- ASSIGNED TASK: For this task, copy all of the data below exactly and skip the pictures.

- DATA PROVIDED:

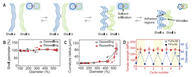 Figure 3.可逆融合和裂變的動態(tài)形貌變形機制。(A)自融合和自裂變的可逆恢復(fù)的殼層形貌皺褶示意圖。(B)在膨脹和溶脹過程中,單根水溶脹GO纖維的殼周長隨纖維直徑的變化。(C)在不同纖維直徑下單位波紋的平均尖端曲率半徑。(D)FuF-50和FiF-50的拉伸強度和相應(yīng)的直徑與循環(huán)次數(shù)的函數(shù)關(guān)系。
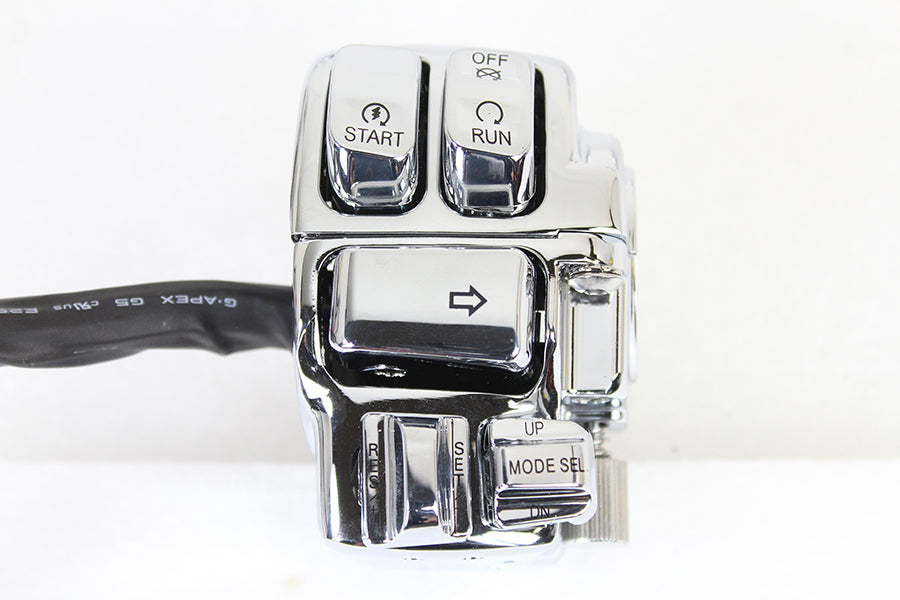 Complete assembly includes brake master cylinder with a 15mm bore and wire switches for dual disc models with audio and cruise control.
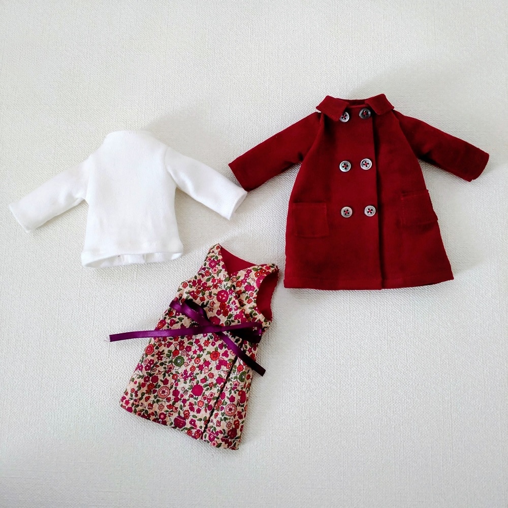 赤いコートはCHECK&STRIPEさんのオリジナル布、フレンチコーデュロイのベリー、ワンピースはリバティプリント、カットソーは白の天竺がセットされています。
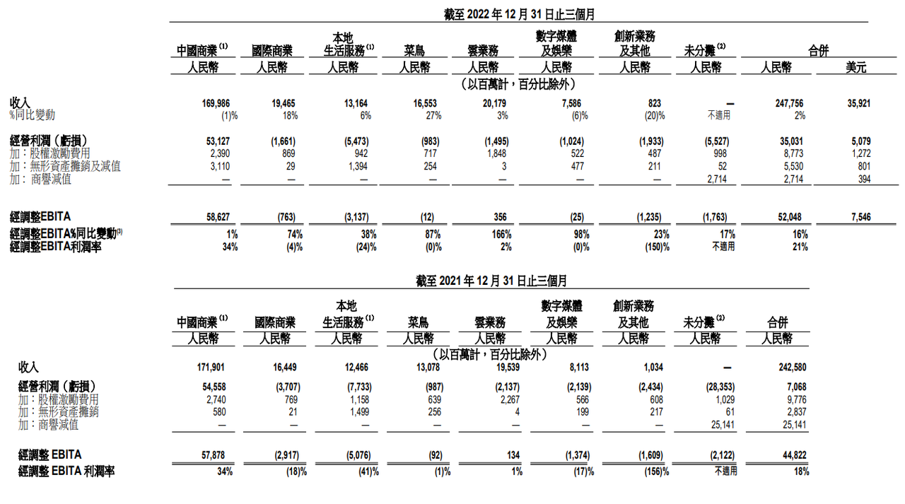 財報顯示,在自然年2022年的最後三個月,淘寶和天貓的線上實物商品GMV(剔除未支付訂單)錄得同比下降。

- COMPLETED TASK:
 Figure 3.可逆融合和裂變的動態(tài)形貌變形機制。(A)自融合和自裂變的可逆恢復(fù)的殼層形貌皺褶示意圖。(B)在膨脹和溶脹過程中,單根水溶脹GO纖維的殼周長隨纖維直徑的變化。(C)在不同纖維直徑下單位波紋的平均尖端曲率半徑。(D)FuF-50和FiF-50的拉伸強度和相應(yīng)的直徑與循環(huán)次數(shù)的函數(shù)關(guān)系。
 Complete assembly includes brake master cylinder with a 15mm bore and wire switches for dual disc models with audio and cruise control.
 赤いコートはCHECK&STRIPEさんのオリジナル布、フレンチコーデュロイのベリー、ワンピースはリバティプリント、カットソーは白の天竺がセットされています。
 財報顯示,在自然年2022年的最後三個月,淘寶和天貓的線上實物商品GMV(剔除未支付訂單)錄得同比下降。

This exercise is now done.